In August 2012, Wyndham moved to dismiss the FTC’s complaint, arguing that the FTC did not have the authority to bring enforcement actions against companies for allegedly unfair data security practices. The district court denied Wyndham’s motion, finding that the FTC has “unfairness authority” over data security practices, and rejecting the contention that the agency is first required to issue formal rules and regulations. While the district court cautioned that its “decision does not give the FTC a blank check to sustain a lawsuit against every business that has been hacked,” it found the FTC’s allegations against Wyndham sufficient to sustain the unfairness and deception claims. Only the unfairness claim was certified for interlocutory appeal and considered by the Third Circuit.
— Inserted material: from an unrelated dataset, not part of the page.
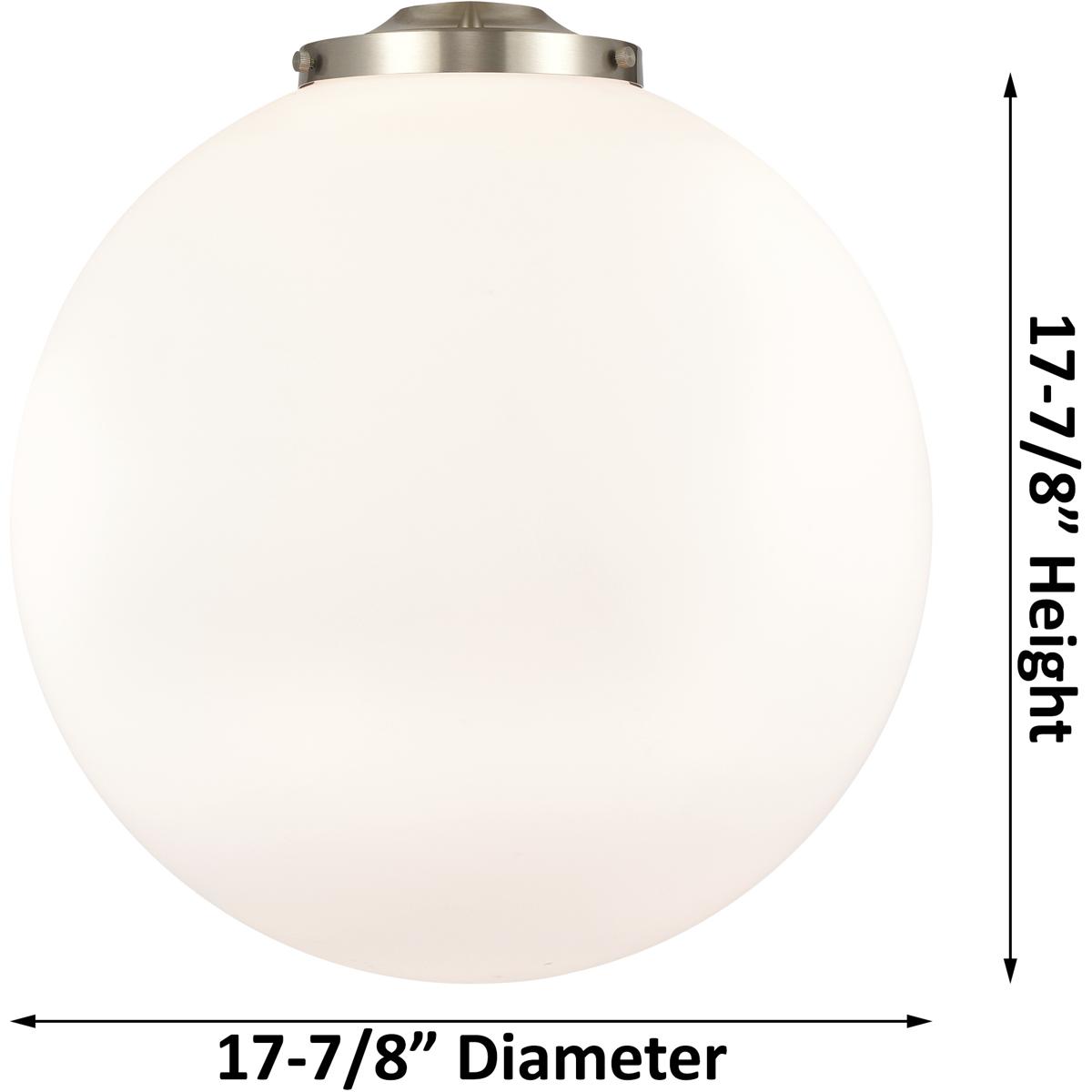 - 18-inch matte white glass shade — diffuses light evenly across 18-inch diameter with industrial-farmhouse aesthetic

The Third Circuit first rejected Wyndham’s arguments that its alleged conduct cannot be deemed “unfair” under the statute. In doing so, it held that the FTC’s allegations regarding Wyndham’s poor security practices were sufficient to state a claim for unfairness under the statutory factors set forth in § 45(n). The Court also rejected several additional requirements for unfairness proposed by Wyndham, including arguments that the practice must involve “unscrupulous or unethical behavior” or be “marked by injustice, partiality, or deception.” Noting that the “deceptive” and “unfair” prongs often overlap, the court referenced the Wyndham’s public facing privacy policy, finding “[a] company does not act equitably when it publishes a privacy policy to attract customers who are concerned about data privacy, fails to make good on that promise by investing inadequate resources in cybersecurity, exposes its unsuspecting customers to substantial financial injury, and retains the profits of their business.” Finally, the court rejected Wyndham’s argument that it could not have acted unfairly where Wyndham, itself, was the victim of criminal action by hackers.
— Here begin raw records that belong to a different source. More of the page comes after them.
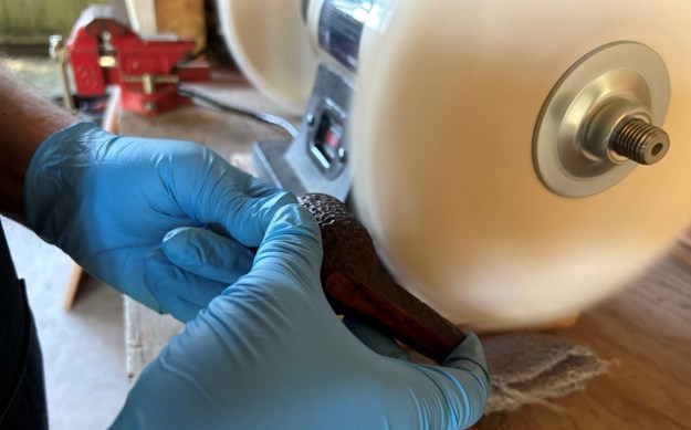 I took a solid wooden sphere, wrapped with my micromesh pads, and lightly sanded the inner edge of the rim. This achieved two things: first, it removed some of the burn marks; and second (and more importantly), the circular shape and motion of the sphere gradually returned the edge to a circle shape.
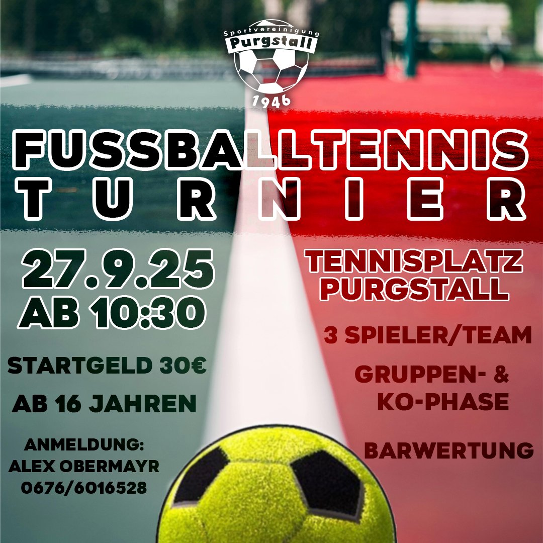 Auch heuer lädt die SVg ATP Metallbau Purgstall wieder zum Fussballtennis Turnier ein! Los geht es am Samstag, 27. September 2025 ab 10:30 Uhr. Infos laut Flyer👆🏻 Wir freuen uns auf euch⚽️🎾
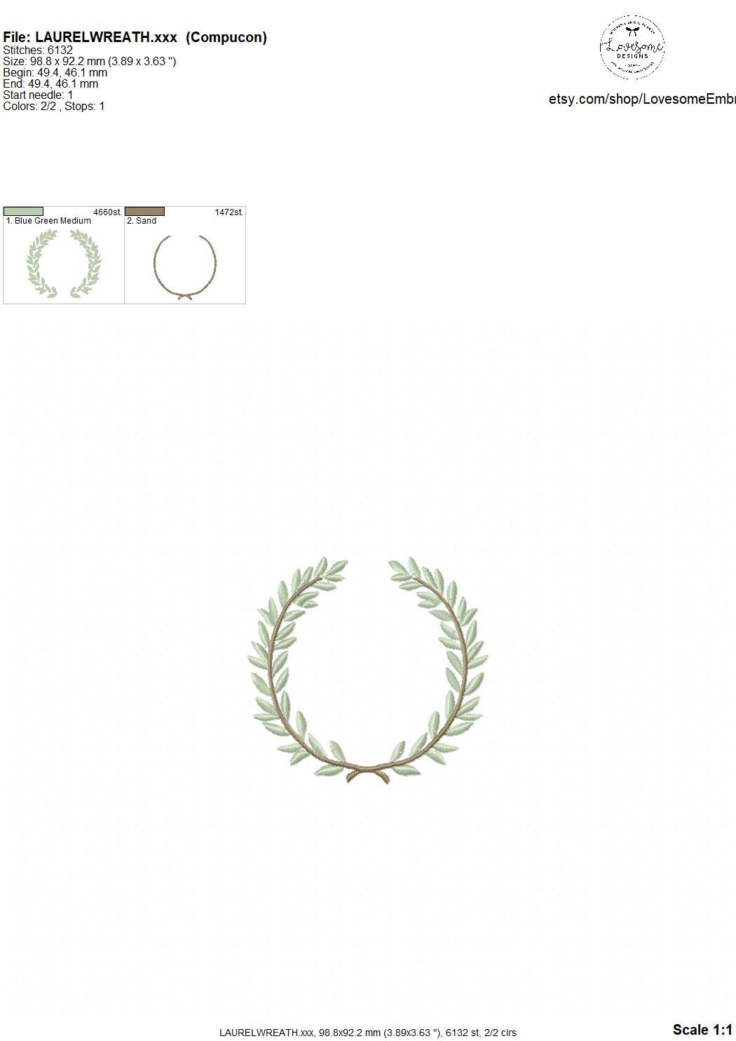 This listing features a machine embroidery file of laurel wreath design in 4 inch size.

The Court also rejected Wyndham’s constitutional due process argument that the FTC failed to give fair notice of what specific cybersecurity standards were required, and in doing so, shed some light on what companies must do to avoid an FTC enforcement action in federal court. The Court considered whether Wyndham had fair notice of what the statute requires, rather than whether Wyndham had fair notice of the agency’s interpretation of the statute, which would have imposed a higher standard of what constitutes fair notice. The Court noted that the allegations did not concern “weak” cybersecurity practices, but rather lack of certain practices, and opined that after the second hack, “it should have been painfully clear” to Wyndham that a court could find that its practices fail the cost-benefit analysis under § 45(n). Perhaps of significance for future cases, the Court found that the FTC’s “expert views”—including, a published guidebook and other complaints filed by the FTC for inadequate cybersecurity practices—could inform a corporation’s assessment of what is required to avoid liability, even if those guidelines were not formal rulemaking.

The actual allegations against Wyndham are yet to be adjudicated on the merits, but the Third Circuit’s decision may encourage the FTC to push the boundaries of alleged “unfair” practices with respect to cybersecurity practices. While the decision only governs in the Third Circuit, given the incorporation of many companies in Delaware, the decision may invite the FTC to pursue additional suits in that forum.